__Task directions__. Please transcribe the data below exactly. Leave the pictures out.

__Data provided__.
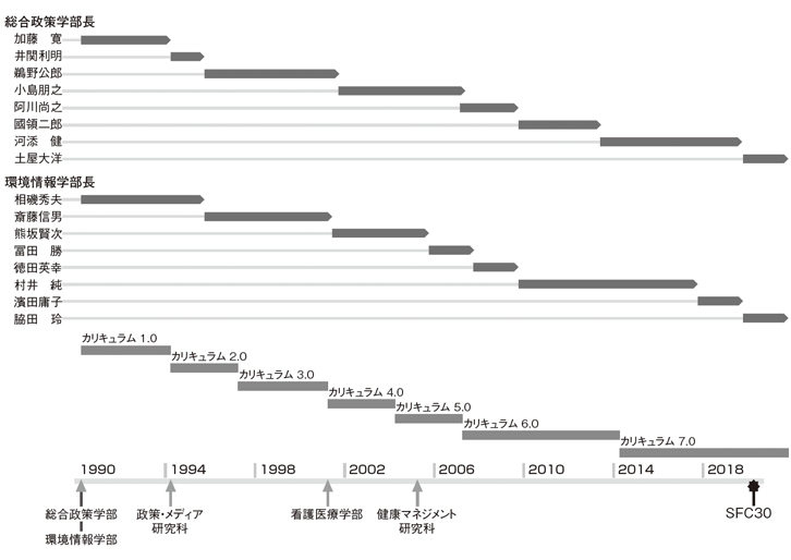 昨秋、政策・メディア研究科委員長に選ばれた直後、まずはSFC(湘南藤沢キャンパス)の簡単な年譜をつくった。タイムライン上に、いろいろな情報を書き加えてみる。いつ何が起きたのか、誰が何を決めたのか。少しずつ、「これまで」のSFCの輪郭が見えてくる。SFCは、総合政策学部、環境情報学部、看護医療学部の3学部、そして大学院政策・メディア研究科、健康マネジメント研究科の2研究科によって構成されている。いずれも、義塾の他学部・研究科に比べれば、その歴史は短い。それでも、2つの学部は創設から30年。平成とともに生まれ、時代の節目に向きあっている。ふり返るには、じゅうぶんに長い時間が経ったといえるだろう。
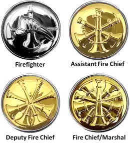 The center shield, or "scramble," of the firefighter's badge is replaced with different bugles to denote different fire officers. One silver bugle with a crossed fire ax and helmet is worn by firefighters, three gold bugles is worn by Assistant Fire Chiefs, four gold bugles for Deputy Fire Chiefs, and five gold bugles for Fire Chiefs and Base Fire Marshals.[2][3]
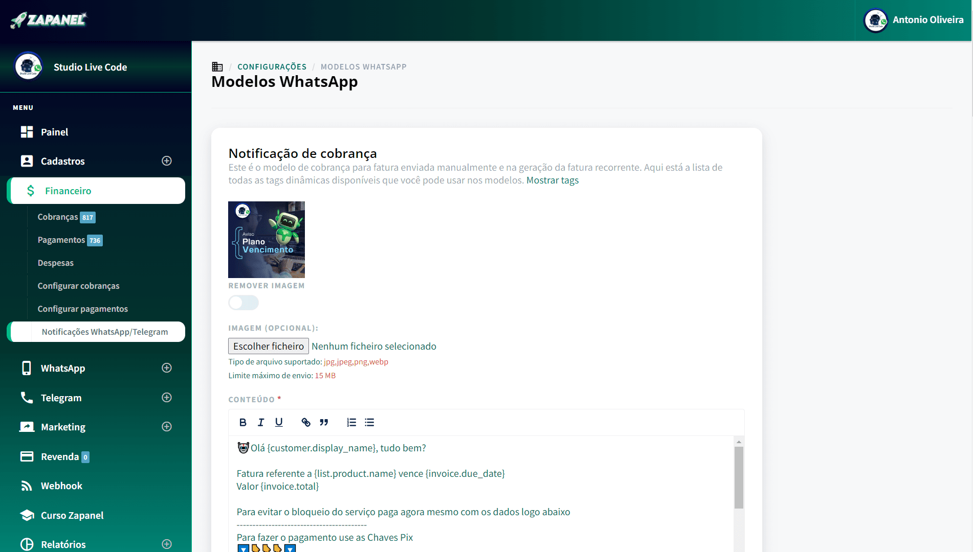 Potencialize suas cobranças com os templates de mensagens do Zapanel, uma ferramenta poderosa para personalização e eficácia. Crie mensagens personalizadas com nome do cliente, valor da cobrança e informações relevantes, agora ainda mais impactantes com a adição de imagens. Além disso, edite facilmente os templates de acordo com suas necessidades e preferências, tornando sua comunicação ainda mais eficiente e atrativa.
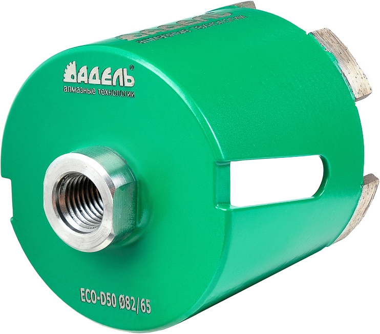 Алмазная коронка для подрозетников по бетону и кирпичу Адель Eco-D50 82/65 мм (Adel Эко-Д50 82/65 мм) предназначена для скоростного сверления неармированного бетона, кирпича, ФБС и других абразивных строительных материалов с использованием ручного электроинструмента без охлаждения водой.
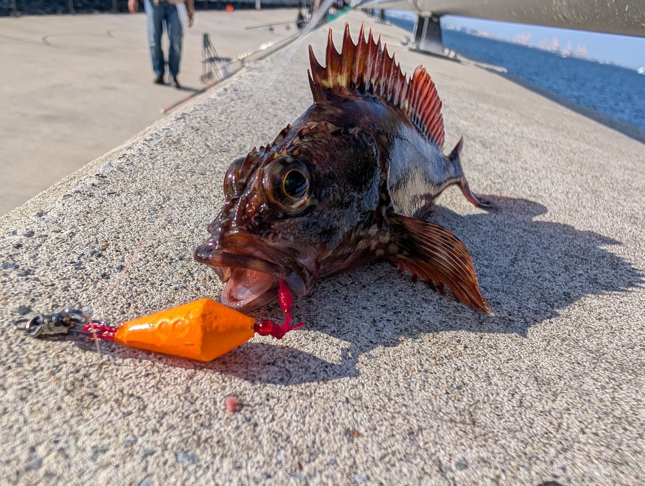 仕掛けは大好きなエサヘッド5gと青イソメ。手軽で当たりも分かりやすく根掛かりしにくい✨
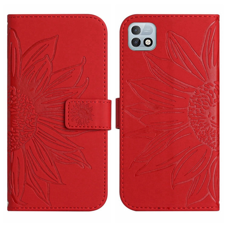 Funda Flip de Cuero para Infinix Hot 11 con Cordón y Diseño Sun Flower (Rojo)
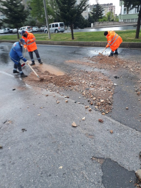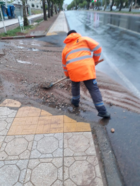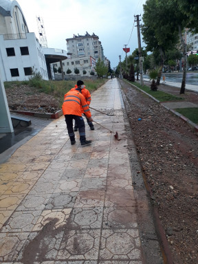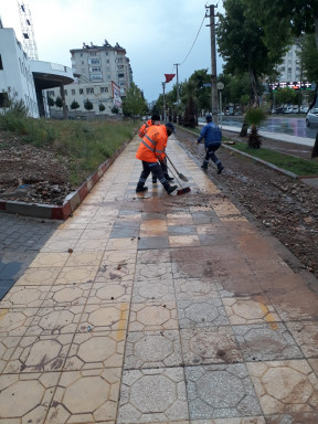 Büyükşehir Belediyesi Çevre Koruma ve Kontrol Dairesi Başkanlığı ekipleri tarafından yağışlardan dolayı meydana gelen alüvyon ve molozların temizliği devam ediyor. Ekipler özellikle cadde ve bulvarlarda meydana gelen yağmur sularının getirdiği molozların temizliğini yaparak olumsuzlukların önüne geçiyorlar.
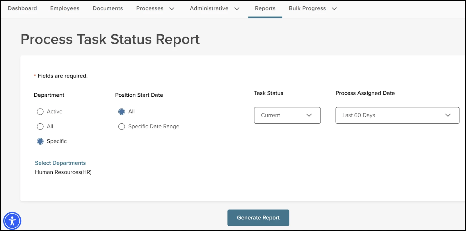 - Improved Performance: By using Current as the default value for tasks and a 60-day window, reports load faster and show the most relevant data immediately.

__Solution to this problem__.
 昨秋、政策・メディア研究科委員長に選ばれた直後、まずはSFC(湘南藤沢キャンパス)の簡単な年譜をつくった。タイムライン上に、いろいろな情報を書き加えてみる。いつ何が起きたのか、誰が何を決めたのか。少しずつ、「これまで」のSFCの輪郭が見えてくる。SFCは、総合政策学部、環境情報学部、看護医療学部の3学部、そして大学院政策・メディア研究科、健康マネジメント研究科の2研究科によって構成されている。いずれも、義塾の他学部・研究科に比べれば、その歴史は短い。それでも、2つの学部は創設から30年。平成とともに生まれ、時代の節目に向きあっている。ふり返るには、じゅうぶんに長い時間が経ったといえるだろう。
 The center shield, or "scramble," of the firefighter's badge is replaced with different bugles to denote different fire officers. One silver bugle with a crossed fire ax and helmet is worn by firefighters, three gold bugles is worn by Assistant Fire Chiefs, four gold bugles for Deputy Fire Chiefs, and five gold bugles for Fire Chiefs and Base Fire Marshals.[2][3]
 Potencialize suas cobranças com os templates de mensagens do Zapanel, uma ferramenta poderosa para personalização e eficácia. Crie mensagens personalizadas com nome do cliente, valor da cobrança e informações relevantes, agora ainda mais impactantes com a adição de imagens. Além disso, edite facilmente os templates de acordo com suas necessidades e preferências, tornando sua comunicação ainda mais eficiente e atrativa.
 Алмазная коронка для подрозетников по бетону и кирпичу Адель Eco-D50 82/65 мм (Adel Эко-Д50 82/65 мм) предназначена для скоростного сверления неармированного бетона, кирпича, ФБС и других абразивных строительных материалов с использованием ручного электроинструмента без охлаждения водой.
 仕掛けは大好きなエサヘッド5gと青イソメ。手軽で当たりも分かりやすく根掛かりしにくい✨
 Funda Flip de Cuero para Infinix Hot 11 con Cordón y Diseño Sun Flower (Rojo)
 Büyükşehir Belediyesi Çevre Koruma ve Kontrol Dairesi Başkanlığı ekipleri tarafından yağışlardan dolayı meydana gelen alüvyon ve molozların temizliği devam ediyor. Ekipler özellikle cadde ve bulvarlarda meydana gelen yağmur sularının getirdiği molozların temizliğini yaparak olumsuzlukların önüne geçiyorlar.
 - Improved Performance: By using Current as the default value for tasks and a 60-day window, reports load faster and show the most relevant data immediately.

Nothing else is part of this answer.